CREATE TABLE hostname_table
(
id INT NOT NULL AUTO_INCREMENT,
hostname CHAR(65) NOT NULL,
interval_avg INT,
last_update DATETIME NOT NULL,
numb_updates INT,
PRIMARY KEY (id)
)
I have this table, and I import 500-600k rows of data into it. I do not check for duplicates when writing to the database, because I want to know how many duplicates of each host there is, and I also want to know the intervals between each update of said hostname.
Example values in hostname_table:
id hostname interval_avg last_update numb_updates
1 www.host.com 60 2012-04-25 20:22:21 1
2 www.hostname.com 10 2012-04-25 20:22:21 5
3 www.name.com NULL 2012-04-25 20:22:21 NULL
4 www.host.com NULL 2012-04-25 20:22:26 NULL
5 www.host.com NULL 2012-04-25 20:22:36 NULL
Example of what I want it to look like when I have cleaned it up:
id hostname interval_avg last_update numb_updates
1 www.host.com 25 2012-04-25 20:22:36 3
2 www.hostname.com 10 2012-04-25 20:22:21 5
3 www.name.com NULL 2012-04-25 20:22:21 NULL
With a huge database like this, I dont want to send too many queries to obtain this goal, but I believe 3 queries are the minimum for an operation like this(if I am wrong, please correct me). Each hour there will be ~500k new rows where ~50% or more will be duplicates, therefore its vital to get rid of those duplicates as efficiently as possible while still keeping a record of how many and how often the duplicates occured(hense the interval_avg and numb_update update).
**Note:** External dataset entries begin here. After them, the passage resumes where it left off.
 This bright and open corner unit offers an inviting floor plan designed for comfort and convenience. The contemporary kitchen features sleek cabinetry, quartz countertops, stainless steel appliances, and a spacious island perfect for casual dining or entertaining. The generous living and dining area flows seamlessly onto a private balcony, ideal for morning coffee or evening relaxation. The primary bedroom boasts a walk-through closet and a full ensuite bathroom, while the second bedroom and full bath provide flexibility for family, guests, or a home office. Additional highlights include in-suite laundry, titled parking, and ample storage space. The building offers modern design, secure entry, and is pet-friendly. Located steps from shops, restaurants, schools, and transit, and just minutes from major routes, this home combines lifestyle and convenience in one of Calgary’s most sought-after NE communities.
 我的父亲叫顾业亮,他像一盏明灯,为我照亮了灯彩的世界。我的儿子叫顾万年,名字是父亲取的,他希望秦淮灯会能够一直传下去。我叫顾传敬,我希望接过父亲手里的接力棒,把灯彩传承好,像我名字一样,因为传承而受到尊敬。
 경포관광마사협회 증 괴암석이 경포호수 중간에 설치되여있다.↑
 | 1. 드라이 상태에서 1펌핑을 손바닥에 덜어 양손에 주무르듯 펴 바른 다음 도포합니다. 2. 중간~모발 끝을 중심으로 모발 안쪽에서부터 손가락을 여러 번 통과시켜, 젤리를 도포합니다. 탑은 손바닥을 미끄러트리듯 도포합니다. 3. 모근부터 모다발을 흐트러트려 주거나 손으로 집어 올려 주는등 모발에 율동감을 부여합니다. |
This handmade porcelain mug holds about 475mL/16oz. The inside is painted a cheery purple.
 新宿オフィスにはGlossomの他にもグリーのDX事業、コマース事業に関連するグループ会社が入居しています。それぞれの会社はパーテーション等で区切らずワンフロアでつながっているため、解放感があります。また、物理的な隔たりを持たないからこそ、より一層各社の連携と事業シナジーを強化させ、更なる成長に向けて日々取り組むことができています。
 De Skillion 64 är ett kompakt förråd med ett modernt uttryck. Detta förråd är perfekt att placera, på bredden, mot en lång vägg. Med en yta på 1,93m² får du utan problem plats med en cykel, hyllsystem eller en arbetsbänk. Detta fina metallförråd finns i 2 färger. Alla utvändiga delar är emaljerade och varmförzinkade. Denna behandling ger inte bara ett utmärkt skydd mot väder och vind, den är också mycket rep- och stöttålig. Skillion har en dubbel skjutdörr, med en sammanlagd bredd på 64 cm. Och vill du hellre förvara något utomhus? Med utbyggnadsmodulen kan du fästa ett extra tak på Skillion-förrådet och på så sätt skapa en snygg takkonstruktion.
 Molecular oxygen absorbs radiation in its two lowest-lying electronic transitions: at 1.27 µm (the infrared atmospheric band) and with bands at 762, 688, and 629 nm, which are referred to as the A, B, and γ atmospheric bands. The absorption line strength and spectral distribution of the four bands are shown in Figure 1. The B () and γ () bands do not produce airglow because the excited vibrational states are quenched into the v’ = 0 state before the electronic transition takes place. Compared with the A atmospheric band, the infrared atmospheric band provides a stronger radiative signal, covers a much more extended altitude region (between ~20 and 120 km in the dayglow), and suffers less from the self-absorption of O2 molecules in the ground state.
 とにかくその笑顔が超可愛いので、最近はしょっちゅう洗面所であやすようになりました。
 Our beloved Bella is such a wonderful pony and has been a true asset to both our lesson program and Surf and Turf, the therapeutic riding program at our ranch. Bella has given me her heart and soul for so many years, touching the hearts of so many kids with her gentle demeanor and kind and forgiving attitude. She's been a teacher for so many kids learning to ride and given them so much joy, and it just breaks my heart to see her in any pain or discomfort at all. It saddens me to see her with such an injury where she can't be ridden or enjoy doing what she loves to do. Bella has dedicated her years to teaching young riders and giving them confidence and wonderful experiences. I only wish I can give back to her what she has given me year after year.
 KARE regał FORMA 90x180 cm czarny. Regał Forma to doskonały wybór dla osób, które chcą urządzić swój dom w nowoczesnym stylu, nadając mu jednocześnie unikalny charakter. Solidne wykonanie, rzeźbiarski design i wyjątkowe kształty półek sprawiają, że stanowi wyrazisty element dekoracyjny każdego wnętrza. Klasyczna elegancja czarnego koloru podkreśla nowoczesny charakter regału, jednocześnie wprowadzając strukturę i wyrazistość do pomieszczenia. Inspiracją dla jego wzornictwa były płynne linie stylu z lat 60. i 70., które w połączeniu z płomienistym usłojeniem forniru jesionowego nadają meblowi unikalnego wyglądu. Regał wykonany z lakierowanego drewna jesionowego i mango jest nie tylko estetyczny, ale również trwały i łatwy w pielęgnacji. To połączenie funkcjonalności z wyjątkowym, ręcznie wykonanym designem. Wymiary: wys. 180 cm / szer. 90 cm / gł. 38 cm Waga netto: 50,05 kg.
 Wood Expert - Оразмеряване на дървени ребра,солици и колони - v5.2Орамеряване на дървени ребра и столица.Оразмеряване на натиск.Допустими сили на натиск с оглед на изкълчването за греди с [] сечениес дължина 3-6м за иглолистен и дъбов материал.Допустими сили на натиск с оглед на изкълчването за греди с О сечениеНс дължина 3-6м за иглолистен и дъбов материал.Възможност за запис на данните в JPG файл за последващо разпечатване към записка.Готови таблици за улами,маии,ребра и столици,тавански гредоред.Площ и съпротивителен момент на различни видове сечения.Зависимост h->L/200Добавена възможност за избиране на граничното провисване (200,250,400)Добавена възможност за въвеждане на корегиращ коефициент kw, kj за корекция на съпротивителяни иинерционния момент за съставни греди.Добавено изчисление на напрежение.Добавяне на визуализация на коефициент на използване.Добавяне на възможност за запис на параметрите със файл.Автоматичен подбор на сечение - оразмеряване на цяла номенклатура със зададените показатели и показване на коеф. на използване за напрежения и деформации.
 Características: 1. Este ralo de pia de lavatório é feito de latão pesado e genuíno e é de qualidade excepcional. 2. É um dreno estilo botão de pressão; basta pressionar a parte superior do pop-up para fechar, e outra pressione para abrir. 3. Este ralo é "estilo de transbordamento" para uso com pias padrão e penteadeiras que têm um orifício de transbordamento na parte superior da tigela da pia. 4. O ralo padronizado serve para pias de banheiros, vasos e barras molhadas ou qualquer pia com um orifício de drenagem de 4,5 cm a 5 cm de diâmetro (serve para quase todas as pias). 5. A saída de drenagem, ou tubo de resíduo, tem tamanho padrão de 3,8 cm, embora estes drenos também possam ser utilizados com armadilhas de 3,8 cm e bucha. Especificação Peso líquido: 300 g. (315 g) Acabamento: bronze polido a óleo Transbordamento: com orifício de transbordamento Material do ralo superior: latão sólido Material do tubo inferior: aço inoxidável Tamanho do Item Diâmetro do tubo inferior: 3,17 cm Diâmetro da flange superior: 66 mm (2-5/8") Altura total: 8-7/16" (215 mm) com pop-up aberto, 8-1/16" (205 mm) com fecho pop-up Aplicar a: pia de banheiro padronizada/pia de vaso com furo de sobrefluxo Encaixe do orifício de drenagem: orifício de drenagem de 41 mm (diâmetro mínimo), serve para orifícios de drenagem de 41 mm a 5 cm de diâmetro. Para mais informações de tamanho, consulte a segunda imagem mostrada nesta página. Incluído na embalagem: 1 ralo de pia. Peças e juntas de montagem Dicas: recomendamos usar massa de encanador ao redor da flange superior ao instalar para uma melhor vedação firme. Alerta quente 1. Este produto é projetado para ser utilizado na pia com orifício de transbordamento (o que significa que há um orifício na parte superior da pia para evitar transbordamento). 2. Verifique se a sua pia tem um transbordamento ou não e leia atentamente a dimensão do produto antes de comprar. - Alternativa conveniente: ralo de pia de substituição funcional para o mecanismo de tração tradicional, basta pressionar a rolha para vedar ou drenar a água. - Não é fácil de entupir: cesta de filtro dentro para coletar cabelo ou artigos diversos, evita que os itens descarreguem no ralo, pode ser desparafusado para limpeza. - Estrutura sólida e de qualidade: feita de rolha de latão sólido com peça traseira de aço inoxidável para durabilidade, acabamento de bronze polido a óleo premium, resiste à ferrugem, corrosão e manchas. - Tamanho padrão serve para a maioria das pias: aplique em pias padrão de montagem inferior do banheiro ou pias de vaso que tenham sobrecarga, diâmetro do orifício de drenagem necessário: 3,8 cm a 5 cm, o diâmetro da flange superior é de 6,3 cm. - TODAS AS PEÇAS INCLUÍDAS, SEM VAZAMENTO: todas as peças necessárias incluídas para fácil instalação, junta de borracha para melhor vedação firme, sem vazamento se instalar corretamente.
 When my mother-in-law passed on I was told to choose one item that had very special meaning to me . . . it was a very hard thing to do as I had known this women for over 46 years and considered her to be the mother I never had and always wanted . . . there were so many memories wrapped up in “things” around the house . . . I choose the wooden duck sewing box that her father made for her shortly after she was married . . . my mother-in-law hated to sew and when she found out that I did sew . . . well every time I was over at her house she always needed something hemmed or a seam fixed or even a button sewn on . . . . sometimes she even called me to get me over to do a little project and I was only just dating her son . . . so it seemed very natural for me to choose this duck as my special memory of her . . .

This is a three step problem, and I was hoping the community here would give a helping hand.
So to summarize in pseudocode, I need help optimizing these queries;
- select all last_update and interval_avg values, get sum(numb_update), get count(duplicates) foreach hostname,
- update interval_avg in min(id), update numb_updates in min(id), update last_update in min(id) with the value from max(id),
- delete all duplicates except min(id)
SOLVED. I have optimized one part by 94%, and another part by ~97% over the course of a couple of days researching. I truely hope this will help other searching for the same solutions. mySQL and large databases can be a big problem if you choose the wrong solution. (I changed the last_update column from DATETIME to INT(10), and I changed from a formated time to a timestamp as value in my final solution to be able to get the max(last_update) and min(last_update) values)
(Thanks to GolezTrol for helping with parts of the problem)